Device 0: Tesla V100-PCIE-32GB, 80 CUs, 31/32 GB, 1.4 GHZ (Double Precision)

Initializing Device and compiling on process 0…Done.
Initializing Device 0 on core 0…Done.

ERROR: Insufficient memory on accelerator (…/gpu_extra.h:38)
Last command: run 1000
Cuda driver error 4 in call at file ‘geryon/nvd_device.h’ in line 135.

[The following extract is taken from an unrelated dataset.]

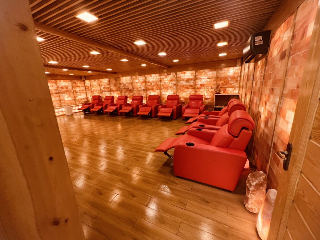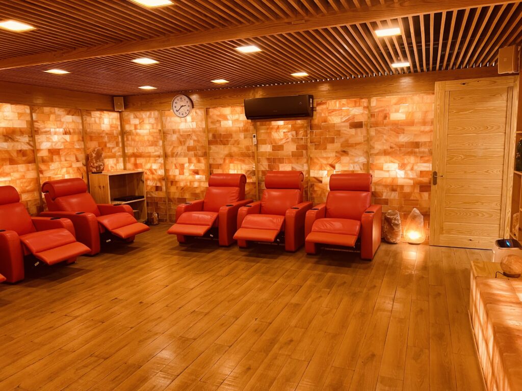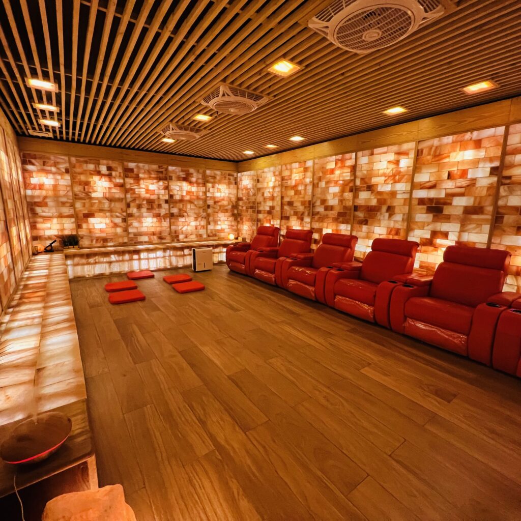 Every wall is fully covered with Himalayan salt, combining nature, science, and art without synthetic materials.

No issues with the same 20 million atom test for the HIP port on 32GB MI50:


Initializing Device and compiling on process 0…Done.
Initializing Device 0 on core 0…Done.

Setting up Verlet run …
Unit style : lj
Current step : 0
Time step : 0.005
Per MPI rank memory allocation (min/avg/max) = 3193 | 3193 | 3193 Mbytes
Step Temp E_pair E_mol TotEng Press
0 3 -6.7733681 0 -2.2733683 -3.7027174
50 1.669595 -4.7856647 0 -2.2812723 5.6654026
100 1.6524741 -4.7589429 0 -2.2802319 5.7977251
150 1.6456677 -4.7483396 0 -2.2798381 5.8568397
200 1.6440451 -4.7460612 0 -2.2799936 5.870633
250 1.6434487 -4.745369 0 -2.2801961 5.8751957
300 1.6432804 -4.7455 0 -2.2805795 5.875103
350 1.6431086 -4.745489 0 -2.2808262 5.874611
400 1.6428664 -4.7455253 0 -2.2812258 5.8745923
450 1.6429371 -4.745904 0 -2.2814985 5.8727289
500 1.6426633 -4.7458757 0 -2.2818808 5.8726928
550 1.6425342 -4.7459415 0 -2.2821404 5.8724678
600 1.6423274 -4.7460284 0 -2.2825374 5.8717517
650 1.642208 -4.7460985 0 -2.2827866 5.8712047
700 1.6418347 -4.7459344 0 -2.2831825 5.8719311
750 1.6422137 -4.7467664 0 -2.283446 5.8689695
800 1.6416304 -4.746281 0 -2.2838356 5.8705395
850 1.6413065 -4.7460599 0 -2.2841003 5.8712727
900 1.641055 -4.7460654 0 -2.284483 5.8713051
950 1.6412948 -4.7466834 0 -2.2847413 5.8683462
1000 1.6411186 -4.7468204 0 -2.2851427 5.8675664
Loop time of 470.424 on 1 procs for 1000 steps with 20000000 atoms

Performance: 918.321 tau/day, 2.126 timesteps/s
96.8% CPU use with 1 MPI tasks x no OpenMP threads

MPI task timing breakdown:
Section | min time | avg time | max time |%varavg| %total

Pair | 224.09 | 224.09 | 224.09 | 0.0 | 47.64
Neigh | 5.3406e-05 | 5.3406e-05 | 5.3406e-05 | 0.0 | 0.00
Comm | 38.412 | 38.412 | 38.412 | 0.0 | 8.17
Output | 1.3878 | 1.3878 | 1.3878 | 0.0 | 0.30
Modify | 158.78 | 158.78 | 158.78 | 0.0 | 33.75
Other | | 47.75 | | | 10.15

Nlocal: 2e+07 ave 2e+07 max 2e+07 min
Histogram: 1 0 0 0 0 0 0 0 0 0
Nghost: 1.49849e+06 ave 1.49849e+06 max 1.49849e+06 min
Histogram: 1 0 0 0 0 0 0 0 0 0
Neighs: 0 ave 0 max 0 min
Histogram: 1 0 0 0 0 0 0 0 0 0

Total # of neighbors = 0
Ave neighs/atom = 0
Neighbor list builds = 50
Dangerous builds not checked


  Device Time Info (average):

Data Transfer: 49.5213 s.
Data Cast/Pack: 125.1325 s.
Neighbor copy: 0.0002 s.
Neighbor build: 12.3622 s.
Force calc: 47.6733 s.
Device Overhead: 0.2781 s.
Average split: 1.0000.
Threads / atom: 4.
Max Mem / Proc: 28370.52 MB.
CPU Driver_Time: 0.1798 s.
CPU Idle_Time: 86.5202 s.

Please see the log.cite file for references relevant to this simulation

Total wall time: 0:08:01

Not sure where to go from here, NVIDIA support says the driver is installed successfully. Any help is greatly appreciated thanks.